=== REQUIRED ACTION ===
Could you copy word for word only the lines between the one containing "在这个场景中,Employm" and the end of the listing below, both included, and leave out the pictures?

=== MATERIAL PROVIDED ===
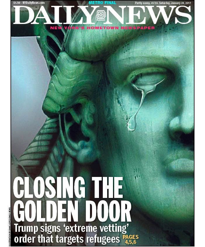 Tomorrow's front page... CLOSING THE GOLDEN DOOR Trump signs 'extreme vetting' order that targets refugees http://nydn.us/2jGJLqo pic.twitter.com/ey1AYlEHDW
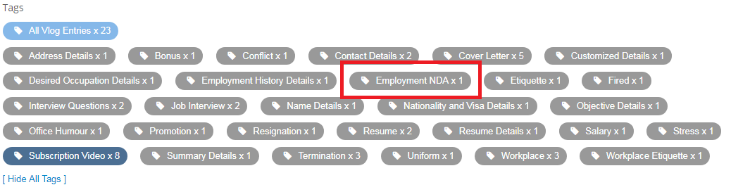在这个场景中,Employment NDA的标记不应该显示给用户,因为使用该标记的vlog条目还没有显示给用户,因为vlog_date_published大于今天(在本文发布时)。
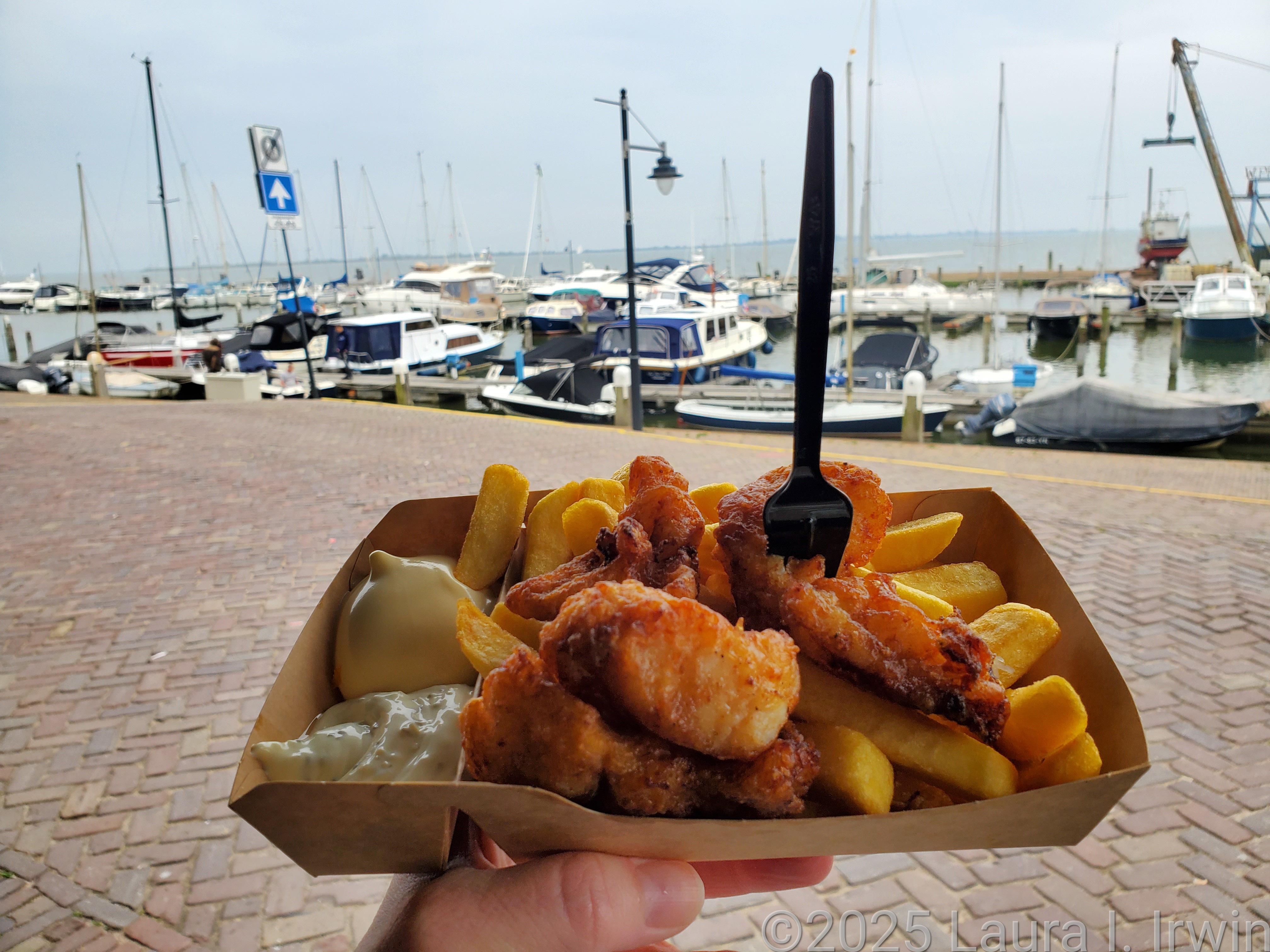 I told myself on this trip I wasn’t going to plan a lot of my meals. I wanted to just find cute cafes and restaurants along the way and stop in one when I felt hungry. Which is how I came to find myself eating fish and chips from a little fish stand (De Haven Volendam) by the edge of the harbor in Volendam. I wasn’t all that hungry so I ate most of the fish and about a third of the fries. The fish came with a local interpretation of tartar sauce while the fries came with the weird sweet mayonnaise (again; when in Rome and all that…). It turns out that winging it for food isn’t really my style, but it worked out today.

=== RESPONSE BOX ===
在这个场景中,Employment NDA的标记不应该显示给用户,因为使用该标记的vlog条目还没有显示给用户,因为vlog_date_published大于今天(在本文发布时)。
 I told myself on this trip I wasn’t going to plan a lot of my meals. I wanted to just find cute cafes and restaurants along the way and stop in one when I felt hungry. Which is how I came to find myself eating fish and chips from a little fish stand (De Haven Volendam) by the edge of the harbor in Volendam. I wasn’t all that hungry so I ate most of the fish and about a third of the fries. The fish came with a local interpretation of tartar sauce while the fries came with the weird sweet mayonnaise (again; when in Rome and all that…). It turns out that winging it for food isn’t really my style, but it worked out today.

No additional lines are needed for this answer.